:: Data section ::

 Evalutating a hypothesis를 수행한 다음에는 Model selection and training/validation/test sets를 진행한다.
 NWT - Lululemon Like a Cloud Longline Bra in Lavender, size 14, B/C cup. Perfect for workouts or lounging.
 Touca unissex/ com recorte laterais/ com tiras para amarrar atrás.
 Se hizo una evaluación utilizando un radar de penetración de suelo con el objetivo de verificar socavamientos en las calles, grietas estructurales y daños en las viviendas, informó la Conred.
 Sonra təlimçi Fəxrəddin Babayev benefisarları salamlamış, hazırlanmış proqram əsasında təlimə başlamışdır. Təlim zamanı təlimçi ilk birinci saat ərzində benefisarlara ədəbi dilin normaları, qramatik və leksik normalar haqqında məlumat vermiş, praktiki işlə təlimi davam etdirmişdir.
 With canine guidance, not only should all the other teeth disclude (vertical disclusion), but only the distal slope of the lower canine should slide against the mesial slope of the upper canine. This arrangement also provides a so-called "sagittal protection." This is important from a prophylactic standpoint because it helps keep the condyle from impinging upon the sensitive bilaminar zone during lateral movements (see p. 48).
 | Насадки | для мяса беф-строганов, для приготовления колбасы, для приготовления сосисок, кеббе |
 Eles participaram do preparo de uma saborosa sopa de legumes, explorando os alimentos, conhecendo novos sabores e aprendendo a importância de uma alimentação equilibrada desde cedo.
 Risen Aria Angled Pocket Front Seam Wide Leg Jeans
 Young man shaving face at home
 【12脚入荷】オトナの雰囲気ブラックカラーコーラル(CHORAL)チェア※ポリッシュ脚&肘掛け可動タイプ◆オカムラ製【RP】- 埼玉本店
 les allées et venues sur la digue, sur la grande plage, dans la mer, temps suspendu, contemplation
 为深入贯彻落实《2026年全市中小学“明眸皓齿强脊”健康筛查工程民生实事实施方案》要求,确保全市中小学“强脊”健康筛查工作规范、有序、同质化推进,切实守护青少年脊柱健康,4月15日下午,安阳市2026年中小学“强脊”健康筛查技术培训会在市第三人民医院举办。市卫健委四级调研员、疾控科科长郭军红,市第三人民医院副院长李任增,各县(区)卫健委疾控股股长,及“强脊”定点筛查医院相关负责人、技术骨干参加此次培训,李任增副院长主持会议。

:::

**What is expected:** Having read the entries above, repeat them exactly.

**Answer box:**
 Evalutating a hypothesis를 수행한 다음에는 Model selection and training/validation/test sets를 진행한다.
 NWT - Lululemon Like a Cloud Longline Bra in Lavender, size 14, B/C cup. Perfect for workouts or lounging.
 Touca unissex/ com recorte laterais/ com tiras para amarrar atrás.
 Se hizo una evaluación utilizando un radar de penetración de suelo con el objetivo de verificar socavamientos en las calles, grietas estructurales y daños en las viviendas, informó la Conred.
 Sonra təlimçi Fəxrəddin Babayev benefisarları salamlamış, hazırlanmış proqram əsasında təlimə başlamışdır. Təlim zamanı təlimçi ilk birinci saat ərzində benefisarlara ədəbi dilin normaları, qramatik və leksik normalar haqqında məlumat vermiş, praktiki işlə təlimi davam etdirmişdir.
 With canine guidance, not only should all the other teeth disclude (vertical disclusion), but only the distal slope of the lower canine should slide against the mesial slope of the upper canine. This arrangement also provides a so-called "sagittal protection." This is important from a prophylactic standpoint because it helps keep the condyle from impinging upon the sensitive bilaminar zone during lateral movements (see p. 48).
 | Насадки | для мяса беф-строганов, для приготовления колбасы, для приготовления сосисок, кеббе |
 Eles participaram do preparo de uma saborosa sopa de legumes, explorando os alimentos, conhecendo novos sabores e aprendendo a importância de uma alimentação equilibrada desde cedo.
 Risen Aria Angled Pocket Front Seam Wide Leg Jeans
 Young man shaving face at home
 【12脚入荷】オトナの雰囲気ブラックカラーコーラル(CHORAL)チェア※ポリッシュ脚&肘掛け可動タイプ◆オカムラ製【RP】- 埼玉本店
 les allées et venues sur la digue, sur la grande plage, dans la mer, temps suspendu, contemplation
 为深入贯彻落实《2026年全市中小学“明眸皓齿强脊”健康筛查工程民生实事实施方案》要求,确保全市中小学“强脊”健康筛查工作规范、有序、同质化推进,切实守护青少年脊柱健康,4月15日下午,安阳市2026年中小学“强脊”健康筛查技术培训会在市第三人民医院举办。市卫健委四级调研员、疾控科科长郭军红,市第三人民医院副院长李任增,各县(区)卫健委疾控股股长,及“强脊”定点筛查医院相关负责人、技术骨干参加此次培训,李任增副院长主持会议。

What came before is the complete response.